## Assignment
Beneath this line are the data; copy exactly the part of them that opens with the line containing "Cabinet : Chalk Paint® in Emperor's Silk." and closes with the line containing "Adult Bible Study: Friday morning, 10 A.M.", and only that part.

## Data

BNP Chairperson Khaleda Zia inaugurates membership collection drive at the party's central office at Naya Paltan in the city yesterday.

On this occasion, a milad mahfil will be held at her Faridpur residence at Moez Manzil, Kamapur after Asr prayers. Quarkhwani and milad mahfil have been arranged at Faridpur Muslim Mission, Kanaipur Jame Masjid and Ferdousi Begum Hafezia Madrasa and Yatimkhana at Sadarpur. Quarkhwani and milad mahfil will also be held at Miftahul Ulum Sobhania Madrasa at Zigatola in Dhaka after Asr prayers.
==
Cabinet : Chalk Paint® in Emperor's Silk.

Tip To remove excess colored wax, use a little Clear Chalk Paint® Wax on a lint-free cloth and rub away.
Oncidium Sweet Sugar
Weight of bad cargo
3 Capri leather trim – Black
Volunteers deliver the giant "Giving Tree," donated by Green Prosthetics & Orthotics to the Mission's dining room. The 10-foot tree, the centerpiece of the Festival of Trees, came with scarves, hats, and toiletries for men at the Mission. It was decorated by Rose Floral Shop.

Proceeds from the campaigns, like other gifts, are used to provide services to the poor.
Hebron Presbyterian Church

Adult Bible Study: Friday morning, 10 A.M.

## Answer box
Cabinet : Chalk Paint® in Emperor's Silk.

Tip To remove excess colored wax, use a little Clear Chalk Paint® Wax on a lint-free cloth and rub away.
Oncidium Sweet Sugar
Weight of bad cargo
3 Capri leather trim – Black
Volunteers deliver the giant "Giving Tree," donated by Green Prosthetics & Orthotics to the Mission's dining room. The 10-foot tree, the centerpiece of the Festival of Trees, came with scarves, hats, and toiletries for men at the Mission. It was decorated by Rose Floral Shop.

Proceeds from the campaigns, like other gifts, are used to provide services to the poor.
Hebron Presbyterian Church

Adult Bible Study: Friday morning, 10 A.M.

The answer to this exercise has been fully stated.